一方、甲第1号証によると、「本考案は極めて耐久性、安全性、防水性及び作業性に優れたマンホール用足掛装置に係り」(同明細書1頁14、15行)との記載が、さらに「挿通部の周りにはシール材が巻付けられているので.これによってステップ取付部の漏水を防止することが出来、」(同5頁10?12行)との記載があり、防水性を確保するためにシール材を設けることが記載されている。
してみると、甲第1号証に記載された課題と同じ課題である防水性をより高めるために、甲第1号証に示されているシール材に代えて、適用されている直接の技術分野は異なるものの、甲第4号証において同様の課題解決のために開示されているテーパー状の受部とテーパー付き筒状パッキン等の構成を採用し、本件考案におけるように構成するようなことは、特にその適用を阻害する要因もないことから、当業者であれば格別の困難性を伴うことなく、きわめて容易になし得た程度のことである。

3 相違点3について
甲第1号証の、特に第2,3図によると、ナット11の座金と凹所9の底壁との間にシール材10を介在しているものの、ナット11の座金が凹所9の底壁に直接圧接しているかどうか明確でなく、第4図のものにおいても、「座金が受面に圧接するように締め付け固定してなる」との点に関し、必ずしも明示の記載はされていない。

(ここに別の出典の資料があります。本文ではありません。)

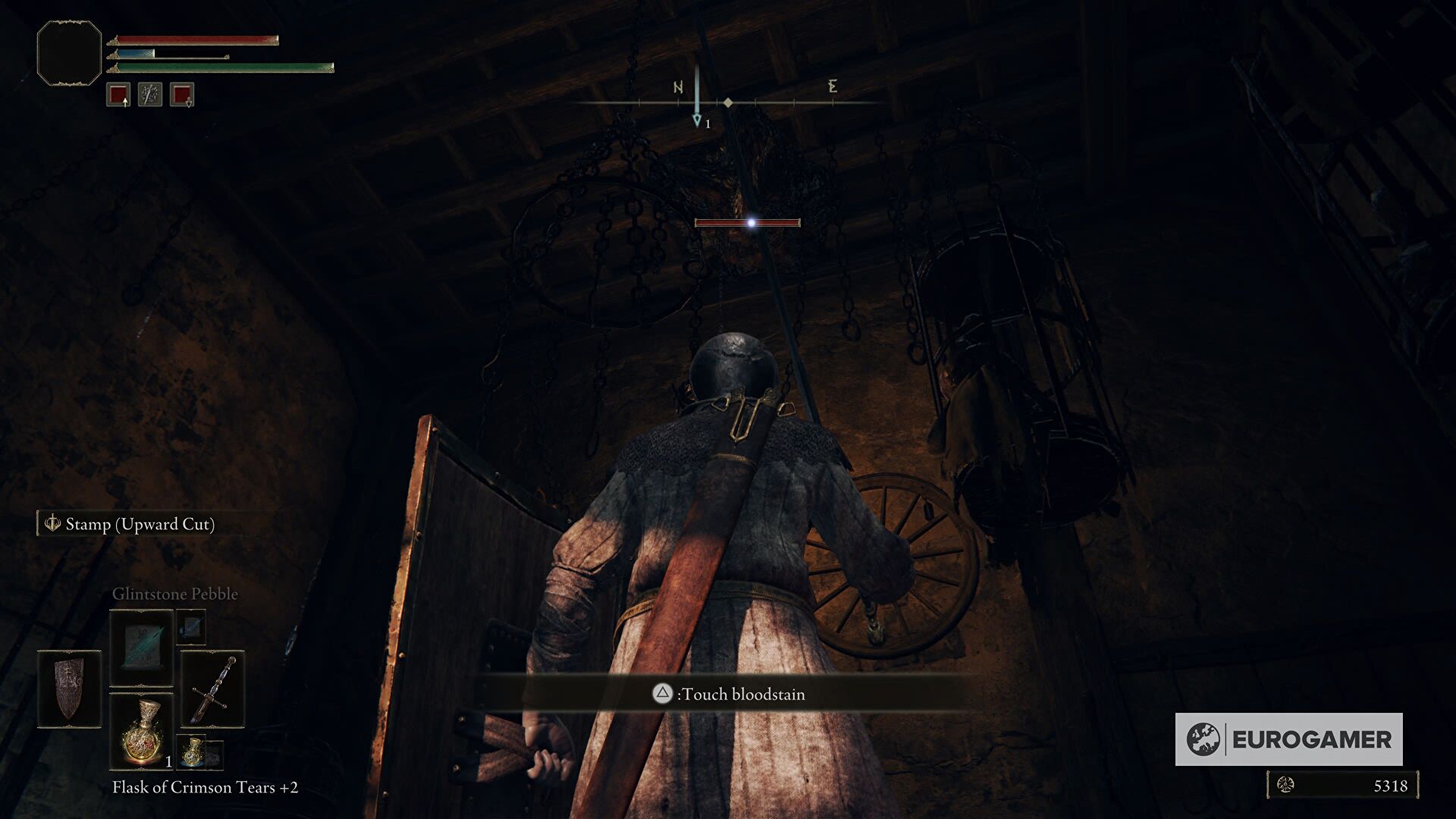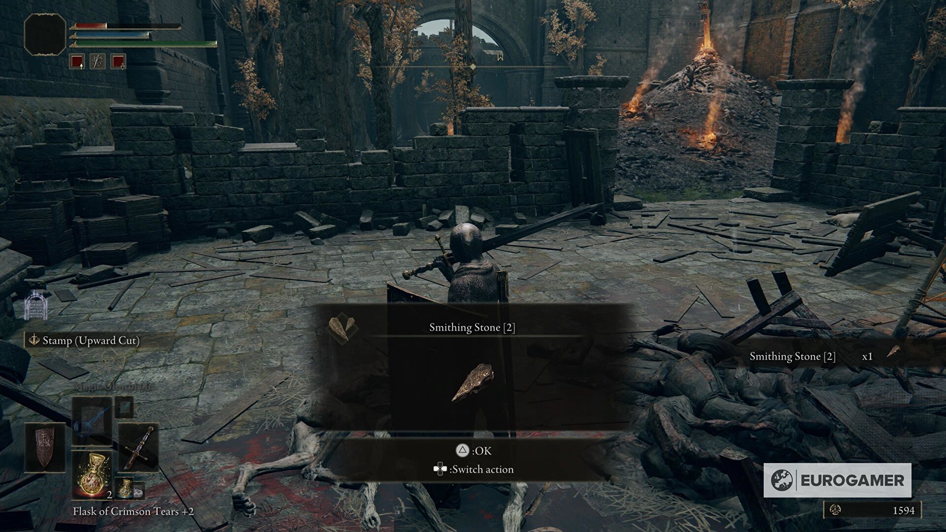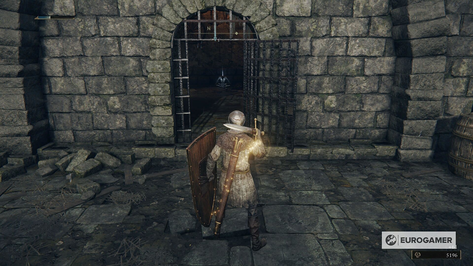 Als je besluit om naar binnen te sluipen, zal je wel enkele belangrijke items mislopen. Wandel eerst naar links tot je op een platform komt. Daar hangt een enkele hond rond. Dood hem en krijg een Smithing Stone [2] in de plaats.

しかし、この種の足掛部材において、その取り付けに際し、足掛部材には作業員が手足を掛けてその全体重をのせることから強固に取り付ける必要があり、又、防水性を確保するためには当然テーパー付き筒状パッキングを圧入する必要があり(甲第1号証によると、「ステップの挿通部の元部にはストッパーが設けられているのでこれによってステップをコンクリート筒体に正しい深さ位置で固定することが出来、挿通部の周りにはシール材が巻付けられているので、これによってステップ取付部の漏水を防止することが出来、」[同5頁7?12行]との記載がある。)、これらの点を考慮すると、甲第1号証の第4図記載のものにおいて、ストッパー5、シール材10、座金、ナットによりコンクリート管6の周壁を挟み込むように、換言すればナットの座金が凹所9の底壁(外向き受面)にシール材10を圧入する状態のもとに、圧接するように締め付け固定することが当然のこととして必要であり、このようなことは、この種の分野における技術常識からすれば当然に考慮すべき技術事項であると認められる。

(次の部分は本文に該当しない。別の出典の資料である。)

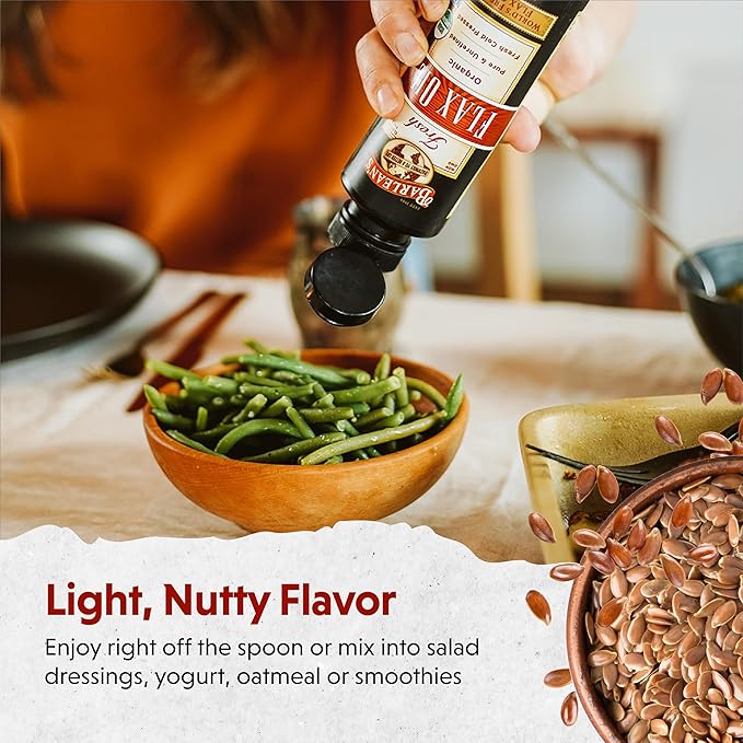 - PURE, ORGANIC AND UNREFINED: Barlean's organic flax oil is cold pressed without the use of heat or solvents. Each drop is protected from damaging heat and light from seed to bottle, offering a potent and healthy balance of Omegas 3, 6, and 9 and a pleasant and mild nutty flavor

この点に関連して、甲第3号証の第2図を検討すると、マンホール構築用側塊の壁面の内外を環状突部とナット、ワッシャで挟持して、圧接するように締め付け固定する点が開示されているものと認められる。
又、甲第4号証によると、「第1図に示すように、ケーブル8の外周に嵌合されたパッキン4をナット5で圧縮することにより水密構造を得ている」(同明細書1頁17?20行)との記載がされている。
してみると、甲第1号証に開示されているものにおいて、特に「座金が受面に圧接するように」締め付け固定するようなことは、上記技術常識からすれば当然考慮すべき技術事項であり、このように構成するようなことは、当業者であれば格別の困難性を伴うことなく、きわめて容易になし得た程度のことである。

4 まとめ
そして、全体として本件考案によってもたらされる効果も、甲第1、3及び4号証の各号証に記載された事項及び上記技術常識から当業者であれば予測することができる程度のものであって、格別なものとはいえない。

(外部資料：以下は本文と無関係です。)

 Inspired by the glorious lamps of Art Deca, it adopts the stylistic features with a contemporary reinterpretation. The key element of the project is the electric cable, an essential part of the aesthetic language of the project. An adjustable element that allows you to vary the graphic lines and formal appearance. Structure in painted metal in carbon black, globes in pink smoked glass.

したがって、本件考案は、甲第1、3及び4号証に記載されたもの及び上記技術常識に基いて当業者がきわめて容易に考案をすることができたものであり、実用新案法3条2項の規定により実用新案登録を受けることができない。

四 被請求人の主張に対して
被請求人は、甲第2号証のものに対して、「甲第4号証?甲第10号証は、いずれも足掛具の取り付け構造とは技術分野を異にしており、・・・単にテーパー付きのパッキングが記載されているだけのことである。従って、テーパー付き筒状パッキング自体が公知であるとしても、本件考案はテーパー付き筒状パッキングを特定用途に対してその用途に即応するように他の構成要素と結合し、足掛具の水密と固定とを同時に満足する構成、作用効果を得るものである以上、棒状の部材と通孔の受部とのシールと、その両部材の確実な固定とを同時に満足させる必要性を導きだす動機は存在していない甲第4号証?甲第10号証のものをもって、本件考案の目的,構成,作用効果を容易に予測し得るとすることはできないものであり、請求人の『当業者がきわめて容易に想到しえた』旨の主張は失当である。」(同4頁13行?5頁21行)とし、本件考案は進歩性を有するものであると主張している。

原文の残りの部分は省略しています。